Position	Chain, residue name and residue identifier that corresponds to the subfamily-specific position in the representative PDB structure.
Z-score	Specificity Z-score. Larger Z-scores indicate higher specificity of a column of a multiple alignment.
P-value	Statistical significance of an observed set of first k subfamily-specific positions, where k is the rank of the current position from the list. P-value for a position with rank k is a probability for a set of first k scores to be observed by chance. Select the lowest global P-value to get a set of the most significant subfamily-specific positions for further evaluation.
Subfamily 1, Subfamily 2 etc.	Amino acid content of the corresponding column of a multiple sequence alignment classified into functional subfamilies.

Download section

This section contains the off-line version of the output:

The structure provided to the server is used to automatically produce PyMol session files (.pse) with structural representations of subfamily-specific positions within identified pockets for each subfamily classification. These files can be downloaded and used straightaway for structural analysis with PyMol without any additional programming experience.
.pse files are organized as follows:

An amino acid chain of a molecule is rendered in the "cartoon" representation (cyan)
C-alpha atoms of significant SSPs (cyan "sticks") are gradient-painted according to calculated specificity Z-scores (red stands for highly significant hits, cyan – for non-informative and conserved positions)
Pockets are presented as atom selections ranked in declined significance. A surface or mesh representation can be obtained using the following command in the pymol terminal:
show surface, name_of_selection
show mesh, name_of_selection
Hetero atoms are represented as yellow "sticks"

pocketZebra text output file. It is a plain text file which contains context-specific headers at the beginning of each line for easy parsing using command-line tools and simple editors and can thus be integrated into automatic pipe-lines.
Detailed information on pocketZebra output can be found below**

Download Bioinformatic analysis output file. Detailed information on Bioinformatic analysis output can be found here.

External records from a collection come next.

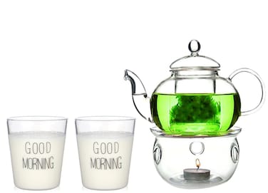 - Glass Teapot with Burner and Good Morning Printed Glass 2 Pcs set
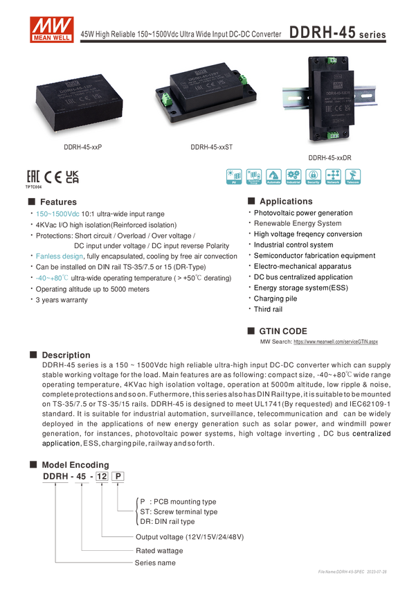 Przetwornica DC/DC, do PCB MW Mean Well DDRH-45-48P DDRH-45-48P 48 V/DC Ilość wyjść:1 x
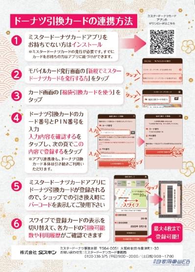 またドーナツ引換カードをミスタードーナツカードアプリに登録すると、スマートフォンでもドーナツの引き換えが可能だ。また1枚のドーナツ引換カードを複数のスマートフォンでも登録できるので、家族や友人とシェアして使うこともできる。
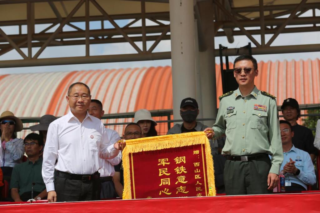 典礼上,校领导为军训优秀学员代表、优秀教官代表颁发荣誉证书,并向西山区人民武装部授予锦旗,感谢他们对best365军训工作的大力支持。
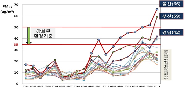 2018년 7월 전국 각 지역에서 관측된 미세먼지 PM2.5 일평균 농도를 살펴보면, 7월 10일부터 다른 지역에 비해 울산·부산지역에서 미세먼지 농도가 높게 나타나고 있다.
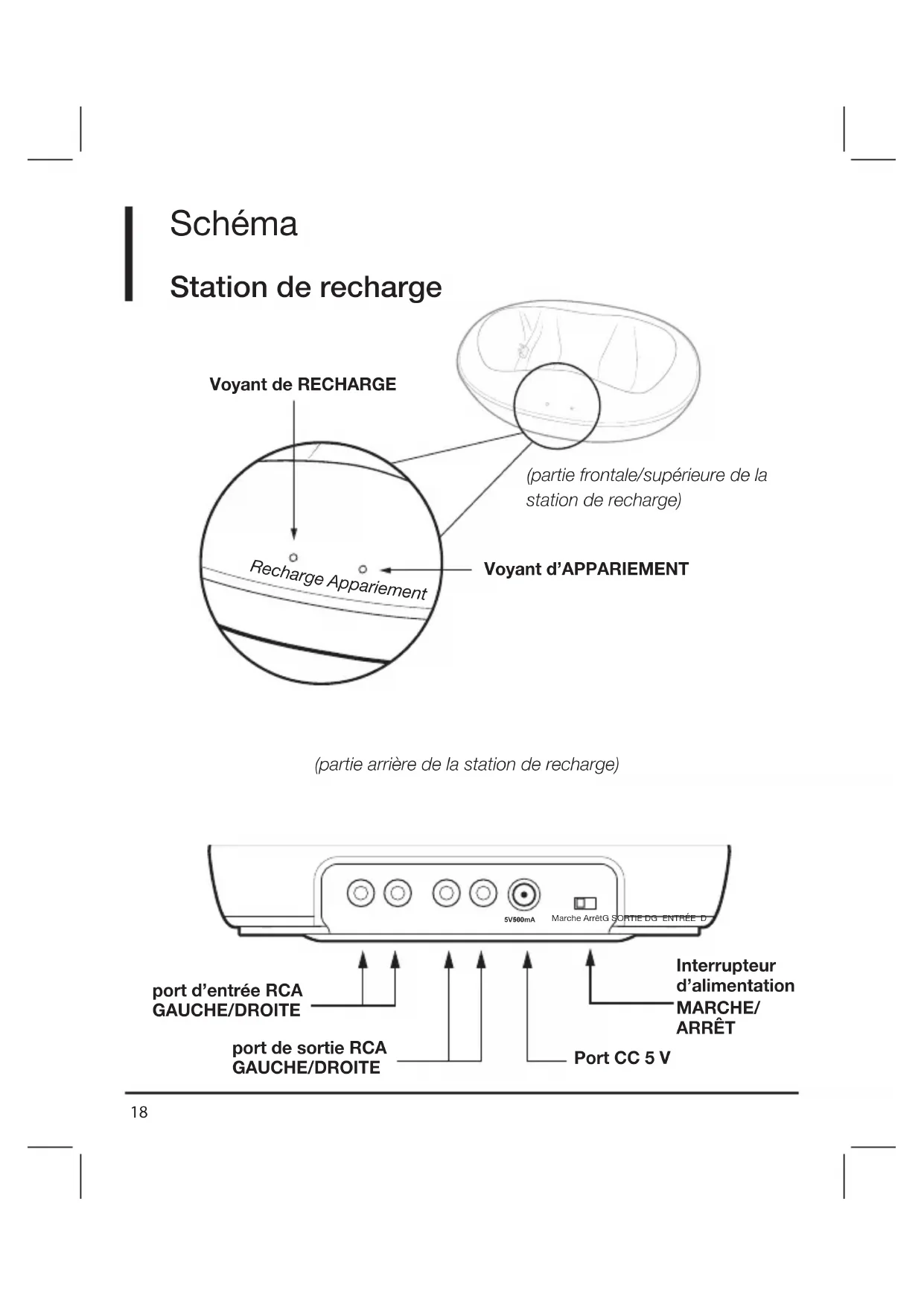 l’écouteur droit, appuyez sur le bouton de Volume haut ou bas pour augmenter ou diminuer le volume. Bouton Marche/Arrêt22 Guide relatif aux voyants, ports et boutons COMPOSANT DESCRIPTION Bouton Marche/Arrêt du casque d’écoute Appuyez longuement pour allumer le casque d’écoute. Appuyez longuement pour éteindre le casque d’écoute. VOLUME Appuyez pour augmenter le volume VOLUME Appuyez pour diminuer le volume Voyant d’Alimentation/ Appariement sur l’écouteur du casque d’écoute LUMIÈRE BLEUE: Les casques d’écoute et la station de recharge sont couplés. LUMIÈRE ROUGE: Les batteries du casque d’écoute sont épuisées. (Clignote pendant environ 30minutes avant que les batteries soient épuisées.) Voyant de recharge sur la station de recharge LUMIÈRE ROUGE: Les casques d’écoute sont en cours de rechargement. LUMIÈRE VERTE Les casques d’écoute sont chargés. Les voyants s’éteignent lorsque le casque d’écoute est retiré de la station de recharge. Voyant d’Appariement sur la station de recharge LUMIÈRE BLEUE CLIGNOTANTE: L’appariement des casques d’écoute et de la station de recharge est en cours. LUMIÈRE BLEUE CONTINUE: Les casques audio et la station de recharge sont associés par paire. Entrées RCA GAUCHE/DROITE Branchez l’appareil audio principal à partir de ce port. port de sortieRCA GAUCHE/ DROITE Branchez un appareil audio supplémentaire (facultatif) à partir de ce port. PortCC 5v Insérez l’extrémité de l’adaptateurCA dans ce port. Interrupteur d’alimentation

**pocketZebra output file details

The output file is partitioned by blocks, each containing information for a particular functional subfamily classification.
The head of a block contains a classification ID (CLF6), statistical significance rank and a P-value (outlined):

The block starts with the description of identified subfamilies as described in Functional Subfamily Classifications section:

followed by the ranked pocket blocks with subfamily-specific positions:

The table of subfamily-specific positions is similar to one in the Subfamily specific positions section:

Rank	Statistical significance rank of a subfamily-specific position, smaller ranks indicate higher specificity. Subfamily-specific positions are ranked in declined significance.
Pos	Index of a column in the multiple alignment.
Raw-score	Specificity score according to original Specificity scoring function as described in Algorithm section.
Z-score	Specificity Z-score. Larger Z-scores indicate higher specificity of a column of a multiple alignment.
P-value	Statistical significance of an observed set of first k subfamily-specific positions, where k is the rank of the current position from the list. P-value for a position with rank k is a probability for a set of first k scores to be observed by chance. Select the lowest global P-value to get a set of the most significant subfamily-specific positions for further evaluation.
Reference	Chain, residue name and residue identifier that corresponds to the subfamily-specific position in the representative PDB structure.
PDBref	Corresponding residue name in a reference sequence.
Sequence.by.group	Amino acid content of the corresponding column of a multiple sequence alignment classified into functional subfamilies.